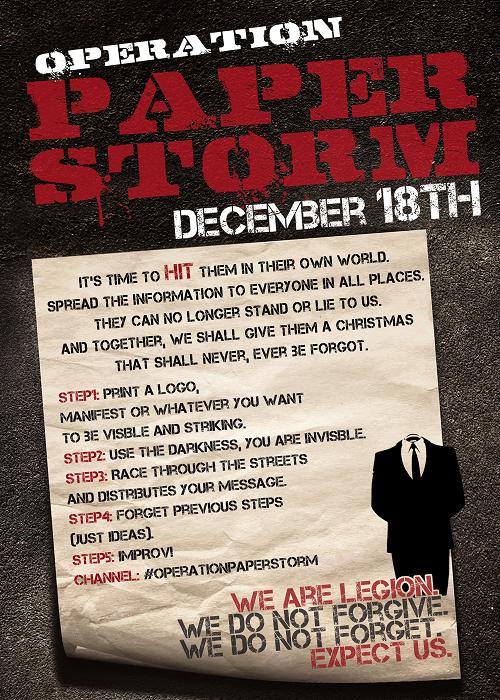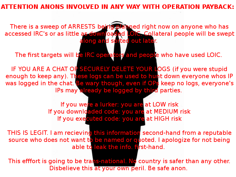 Operation: Payback is only another faction, a powerful one, that concentrates on ‘payback’ to large companies who have pushed their weight against Wikileaks. DDoS attacks are effective but largely ineffective against the companies themselves. Anonymous stated earlier today in IRC that there would be a ‘final’ target and to wait for it via twitter.
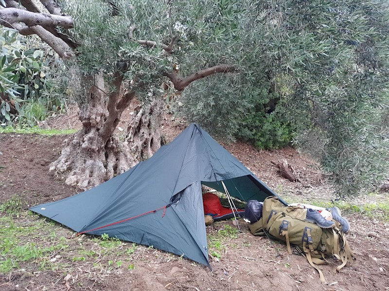 13-10-2021 - Messina: Dit was mijn eerste nacht in de buitenlucht. Heerlijke plek bovenop de berg. Mijn tent mooi weg gestopt tussen de olijfbomen. Het heeft vanacht nog een beetje geregend maar de spullen hebben het gehouden.
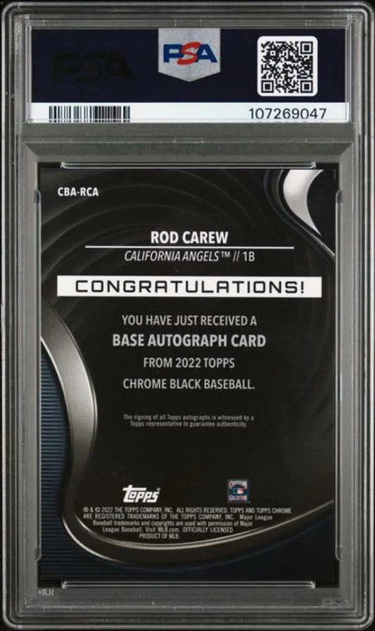 2022 Topps Chrome Black Autograph Refractor Gold Mini-Diamond #CBA-RCA Rod Carew PSA 8 NM-MT Auto 15/50 California Angels Baseball Card
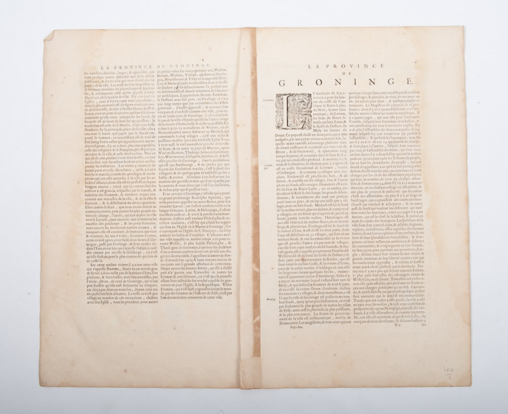 La Province de Groninge, copperengraving, 38x49 cm., original colouring with 2 cartouches also old colouring; colorite beautiful and bold, left and right edge leaf water stained, just touching the map image, fine copy.
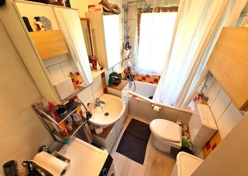 # modernisiertes Tageslicht-Badezimmer mit Badewanne und Duschabtrennung, WC, Handwaschbecken und Heizung (2011 erneuert)
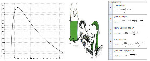 Utiliser des outils numériques pour rechercher et interpréter un point d'inflexion dans une situation concrète modélisée par une fonction comportant un logarithme.
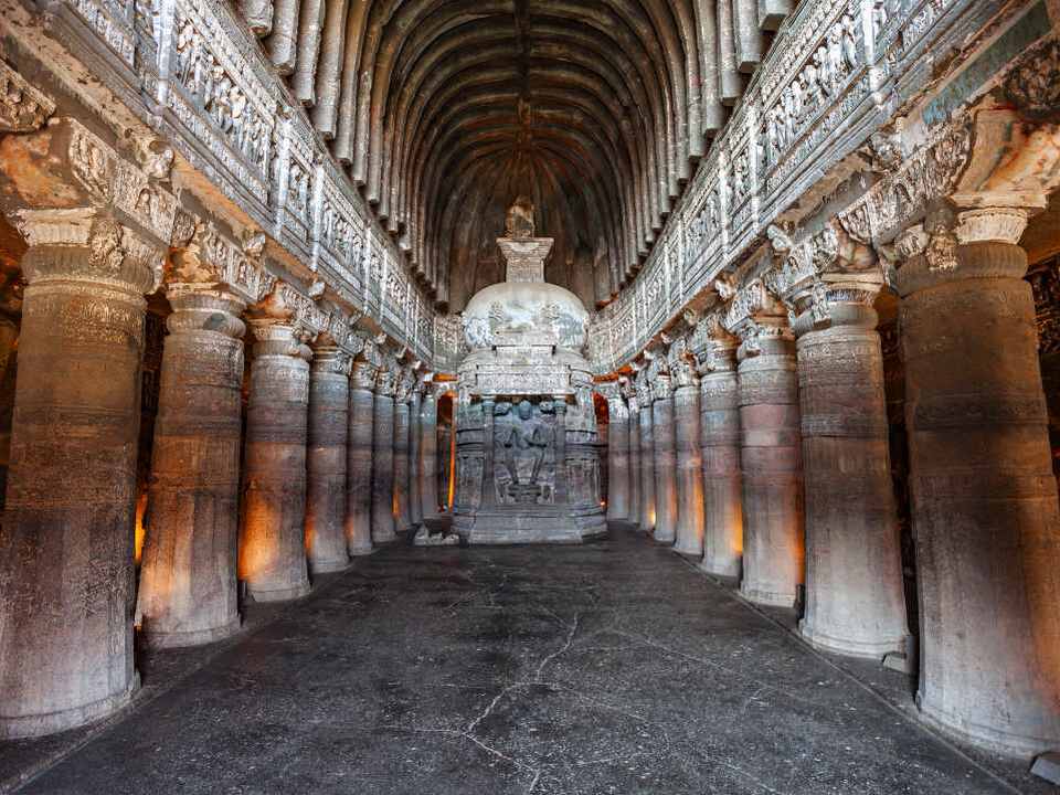 特に有名なのは、岩山を丸ごと掘り抜いて造られた第16窟「カイラーサナーター寺院」。巨大な彫刻建築で完成までに100年以上かかったといわれます。
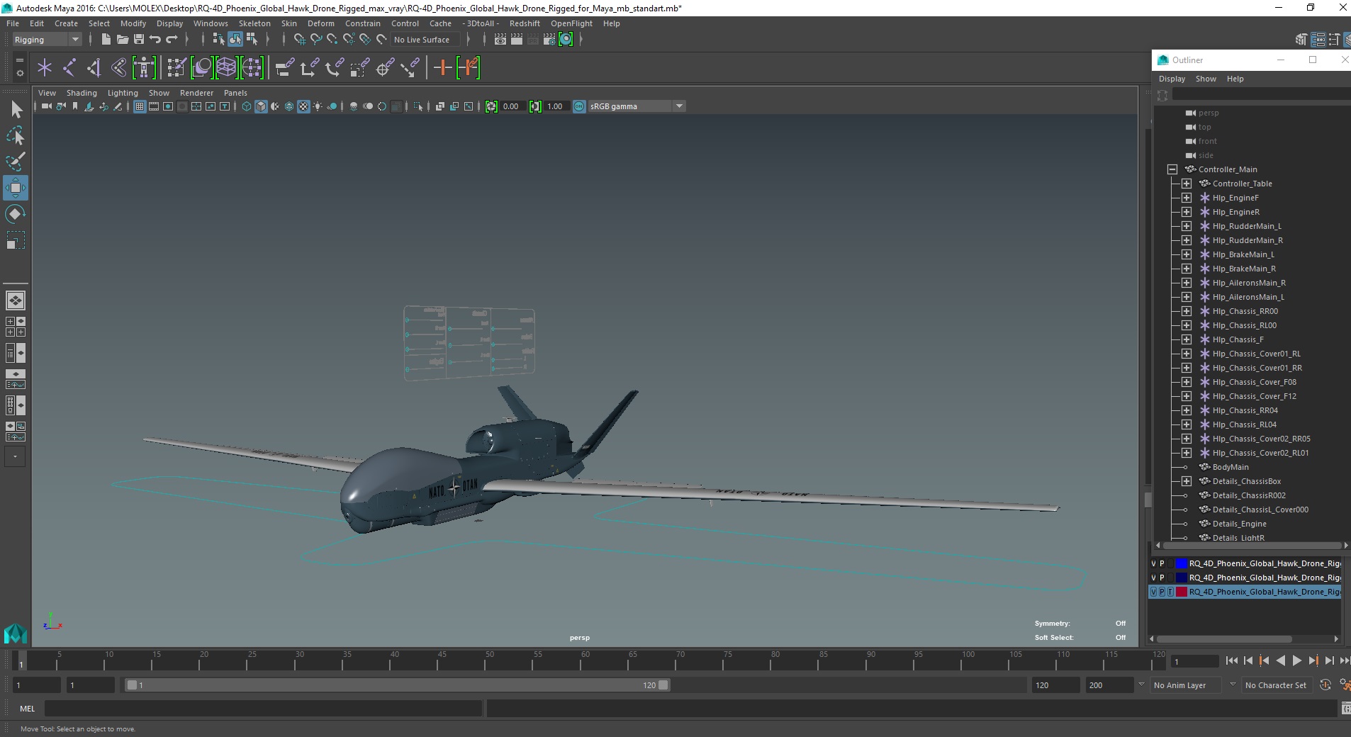 RQ-4D Phoenix Global Hawk Drone Rigged for Maya is fully rigged and is ready to be animated in Maya. You can easily position it the way you need or animate it the way your project requires. See the screenshots to get an idea of how rigging works. The pose of the model on the render images is an example and can be recreated using rig, it is not initially included into the product.

#### YOUR INSTRUCTIONS
Every line above is to be returned exactly, with its pictures removed.

#### TASK RESULT
 Operation: Payback is only another faction, a powerful one, that concentrates on ‘payback’ to large companies who have pushed their weight against Wikileaks. DDoS attacks are effective but largely ineffective against the companies themselves. Anonymous stated earlier today in IRC that there would be a ‘final’ target and to wait for it via twitter.
 13-10-2021 - Messina: Dit was mijn eerste nacht in de buitenlucht. Heerlijke plek bovenop de berg. Mijn tent mooi weg gestopt tussen de olijfbomen. Het heeft vanacht nog een beetje geregend maar de spullen hebben het gehouden.
 2022 Topps Chrome Black Autograph Refractor Gold Mini-Diamond #CBA-RCA Rod Carew PSA 8 NM-MT Auto 15/50 California Angels Baseball Card
 La Province de Groninge, copperengraving, 38x49 cm., original colouring with 2 cartouches also old colouring; colorite beautiful and bold, left and right edge leaf water stained, just touching the map image, fine copy.
 # modernisiertes Tageslicht-Badezimmer mit Badewanne und Duschabtrennung, WC, Handwaschbecken und Heizung (2011 erneuert)
 Utiliser des outils numériques pour rechercher et interpréter un point d'inflexion dans une situation concrète modélisée par une fonction comportant un logarithme.
 特に有名なのは、岩山を丸ごと掘り抜いて造られた第16窟「カイラーサナーター寺院」。巨大な彫刻建築で完成までに100年以上かかったといわれます。
 RQ-4D Phoenix Global Hawk Drone Rigged for Maya is fully rigged and is ready to be animated in Maya. You can easily position it the way you need or animate it the way your project requires. See the screenshots to get an idea of how rigging works. The pose of the model on the render images is an example and can be recreated using rig, it is not initially included into the product.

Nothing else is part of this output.